CHN: Hundreds of Thousands of Small Children and Mothers Would Lose Food Aid if House Agriculture Appropriations Subcommittee Gets Its Way
Appropriators in the House are starting to turn the cuts in total spending proposed in the House Budget Resolution into specific reductions in essential services. One of the first examples is a cut in the Women, Infants and Children nutrition program (WIC) that could cause between 325,000 – 475,000 low-income young children and pregnant women to be denied WIC’s nutritious food packages. The House Agriculture Appropriations Subcommittee approved this harsh cut on May 24. The full Committee is expected to vote on the bill on May 31. Funding for WIC is recommended at $5.9 billion, down from $6.7 billion this year, and from $7.4 billion in FY 2010. The funding level proposed is 20 percent below the amount funded in FY 2010. Whether the higher estimate of children and mothers losing food assistance will be accurate depends on the extent of food inflation over the next year. If food inflation is in the 3.5 – 4.5 percent range, 475,000 will lose nutrition help.
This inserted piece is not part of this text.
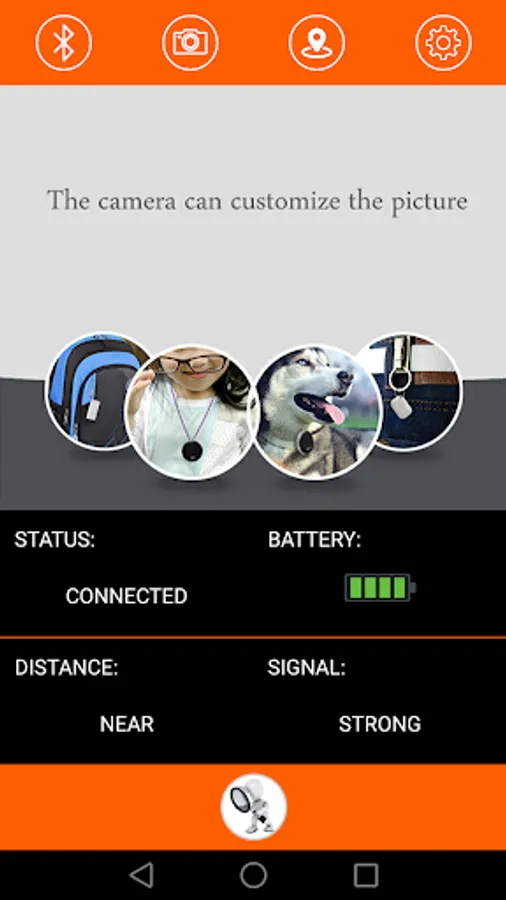 Also, the app can be used as Remote Shutter. Tap the camera icon to launch camera in the app. Press the button on the Digitek Tracker to trigger the phone take picture or video.

The Committee asserts that the WIC program can avoid turning people away from help by tapping previously unspent funds. Analysts do not believe there are resources in WIC sufficient to prevent substantial losses, especially with food inflation on the rise.
The Agriculture Appropriations Subcommittee also cut the Commodity Supplemental Food Program (CSFP), which provides emergency food packages primarily to low-income seniors. The program was cut $38 million below the current year funding. The House leadership had proposed a $20 million cut to CSFP for this year, estimated to cost 81,000 seniors their food packages. That cut was defeated, but is proposed in even more severe form for FY 2012.
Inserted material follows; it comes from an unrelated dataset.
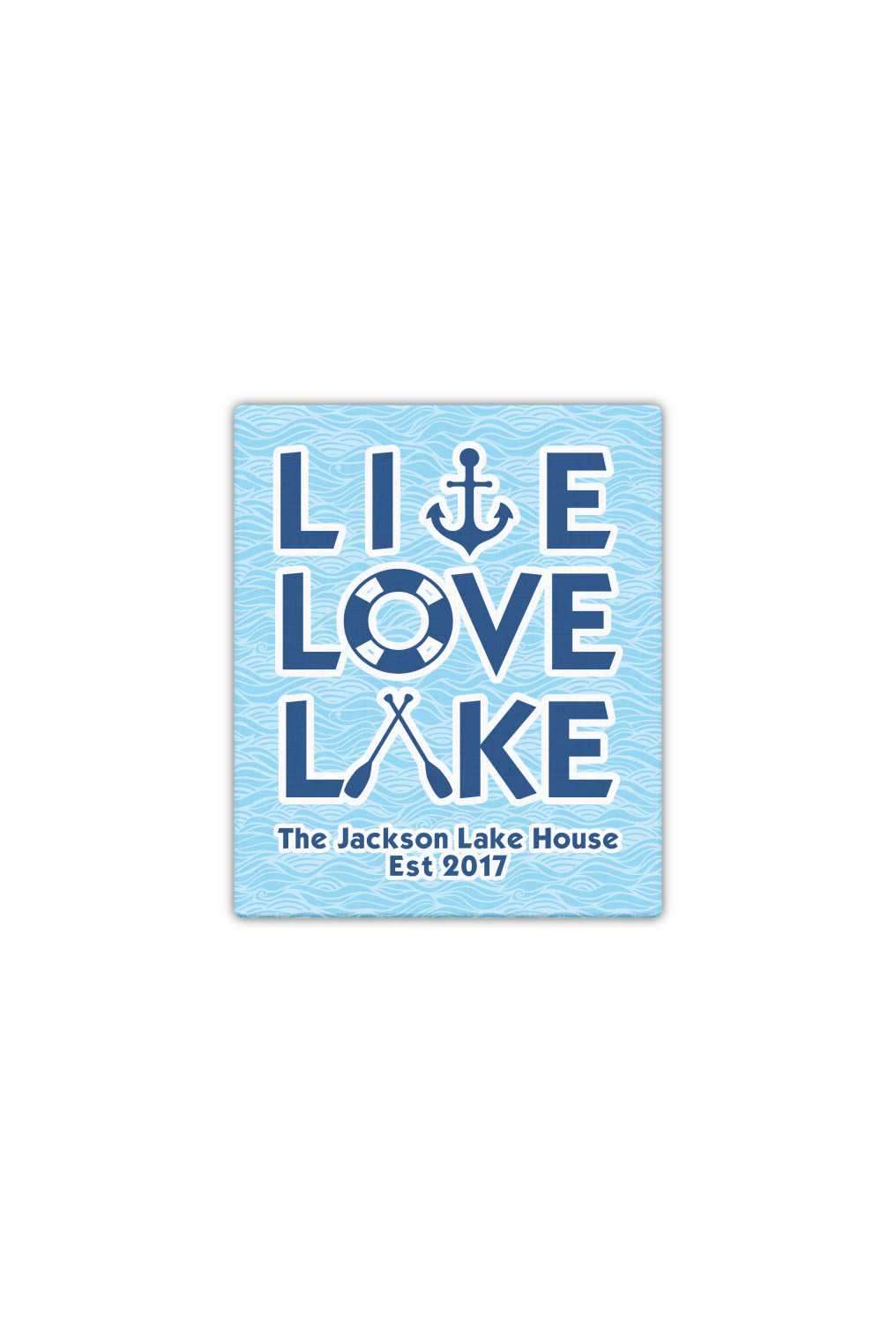 This design has a beautiful background with abstract waves that are a calming light blue. The main feature of this design is the quote. The quote used for this design says "Live Love Lake," but remember that we have many other lake house quotes to choose from. Underneath the quote you are able to put your personalization!

The Emergency Food Assistance Program (TEFAP) is cut as well. TEFAP supplies about one-quarter of the food delivered to food pantries and other facilities around the country. Storage, distribution, and administrative funding are cut down to $37.5 million (about $12 million below this year’s level). The bill also makes a 20 percent cut in the “mandatory” side of TEFAP (direct funding of food for distribution that does not have to be annually appropriated), by capping the total at $200 million (down $51 million from current levels).
In addition, the Subcommittee apparently has rejected the President’s proposals to add $25 million for State Childhood Hunger Challenge Grants, $10 million for School Breakfast Expansion Grants, and $5 million for Hunger Free Communities Grants.
In the past, there has been bipartisan support for WIC and other nutrition programs, an agreement that ended with the commitment of the House leadership to seek massive domestic spending cuts.